A Quick Look At Variable Life Insurance
What does Variable Life Insurance Mean?
The term Variable means that it is not a fixed account, but a sub account that is operative in tandem with the policy owner's wishes. Variable life insurance is totally different from whole life insurance and universal life insurance wherein policy owners direct the distribution of their premium payments among several different accounts or funds. In fact, variable life insurance policy is riskier than other policies. Lets discuss why this is so.
Risks for Policyholders
The policyholders who are more prone to risks are provided maximum protection forever. This is flexible when it comes to account. It saves your tax, protects against risk and provides death benefits to the nominees.

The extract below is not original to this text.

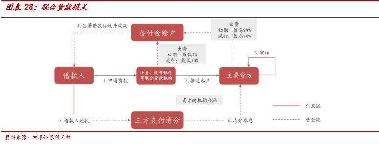 江苏银行互联网合作贷款多为头部互联网平台,以无增信缓释的助贷分润为主,自主风控经历周期检验。互联网合作贷款类型:通常来看,按照出资比例,互联网合作贷款可以分为联合贷款和助贷,联合贷款多为双方共同出资(银行最高出资比例为70%),各自承担其出资部分的风险。助贷多为资金方100%出资,在助贷模式下又可分为增信模式和分润模式,在增信模式下,助贷机构通过自有增信公司(多为融资担保公司)或者外部增信公司(融担公司或保险公司),为资金方发放的全部或者部分贷款进行增信兜底。其中,增信模式下,银行收益多为固定收益,违约风险转移至表外,由增信机构处置。分润模式下,银行收取利息收入后,再向合作公司进行科技服务费等费用的分配,风险自担,对自主风控能力要求更高。江苏银行合作贷款主要为助贷分润模式,自主风控能力经过周期检验。联合贷款方面,受监管限制,联合贷款占江苏银行作贷款比重相对较小,且江苏银行在经营策略上主动维持联合贷款规模稳定。助贷方面,自开展互联网合作贷款以来,江苏银行就重点发力助贷模式,且多为无风险缓释的分润模式,更多强调提升自主风控能力,多年来形成了较为强大的风控能力;当然在经济波动下也适当增加助贷增信模式,在自主风控严格把控的基础上,又多了一道增信保障,风险更为可控,抗周期性更强。

It also provides variable death benefits by returning the fund value and the policyholder may withdraw the money anytime. It is not flexible when it comes to premium or the amount to be paid on its maturity or death. It does not also provide any assurance for the amount to be paid during the lifetime of the policyholder. Universal Variable Life Insurance Another form of variable life insurance is called universal variable life insurance which regulates the cash value features vis-a-vis other types of insurance. It provides death benefits to the nominee and offers the cash value with low risk saving and tax benefits. It also provides you with an option to invest your money into various types of funds. This way, you can pay premium according to your convenience. You can always withdraw your money anytime during your lifetime. If you, as a policyholder, decide to terminate the policy in the beginning, you are more likely to receive less amount than what was mentioned. Here are some tips to keep in mind: 1. If you are paying fewer premiums, then it wont help. Remember, paying a good amount as premium is good to cover the investment amount. A policyholder should spend good amount of time to manage their accounts and should plan the strategies to invest their money in a manner that they get a good return in future. 2. The variable life insurance does not give you any assurance for interest and are managed at a state level. These policies are somewhat risky. That is why the agent should clarify every relevant point in the prospectus. All the relevant details about the product should be provided. 3. You have the option to choose the investment with the growth of your cash and the cash value grows with time. There are many investment options available through which you can invest your cash in a desired manner and that too anytime throughout the year. The investors feel satisfied because they can determine how to invest their money according to their wish and their future is thus in their own hands. 4. These policies are almost same as investing your money into mutual funds. There is a fixed amount that is payable to the nominee in case the policyholder expires. This amount is decided based on the financial condition of the policyholder.
With this information, you can now go ahead and decide whether you want to opt for variable life insurance.